In bygone days, women bake their own bread from corn or wheat that the family cultivated and raised on the family plot. If they were able, they ground their own corn or wheat using the mill on the creek that was on their property.

They raised a vegetable garden and hunted for big and small game. Fishing for sport was unheard of and no trophy was awarded for the biggest catch. It wasn't a game, it was survival.

Berries were picked and preserved were made.

Apples were dried and stored to make winter pies and cakes.

Milk didn't come in a carton, it came in a cow. And the cow came with the manure that was spaded over into the garden to fertilize the carrots, potatoes and peas.

When was the last time I mucked out a stall and turned over a half-acre vegetable plot with the old Jenny mule and a freshly sharpened plow? I just can't recall there ever being a FIRST time.
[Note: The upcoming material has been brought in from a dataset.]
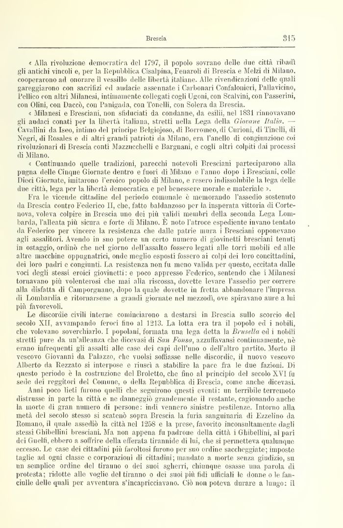 < Continuando quelle tradizioni, parecchi notevoli Bresciani parteciparono alla pugnai delle Cinque Giornate dentro e fuori di Milano e l'anno dopo i Bresciani, colle Dieci Giornate, imitarono l'eroico popolo di Milano, e resero indissolubile la lega delle due città, lega per la libertà democratica e pel benessere morale e materiale ».

Although I have mucked out stalls and milked a cow and planted a garden and put away food, it was never because "I had to" but rather an exercise in self-sufficiency with an open grocery store nearby.

Bartering and haggling over merchandise seldom occurs unless I am holding my annual yard sale (which is a fabulous event - mark your calendars now!).

But I wonder - would I be able to wash the clothing on the rub board and hang them out to dry while baking the bread, making the soap, stewing the vegetables and preparing a chicken on the spit for dinner? Or would I be unable to do any of those things because I was whimpering in a corner somewhere?

I worry about the state of our economy and our ability to truly care for ourselves and our families during hard times. Although I have been reliably informed that this current crisis doesn't measure up to the Great Depression, I have a sense of sadness and anxiety for family and friends who are struggling and looking for jobs while all around us the manipulators and greedy are becoming more wealthy at the expense of everyday people.

Trusting in Heavenly Father, I pray each day for those in my circle whom I care for and hope that should it come to a reversal of fortunes that I will still be able to see and be thankful for God's hand in my life.

Is it possible for the post-modern world to live without technology? How many of us can truly make it without the modern conveniences that have simply become our way of life?

I don't know that I can. And I worry about things like modern medicines and care for my family.

But I must believe in God and that He alone knows what is best and what trials I must pass through in order to be ready, worthy and able to return home someday.

So I guess it comes down to living by wits...but not my wits.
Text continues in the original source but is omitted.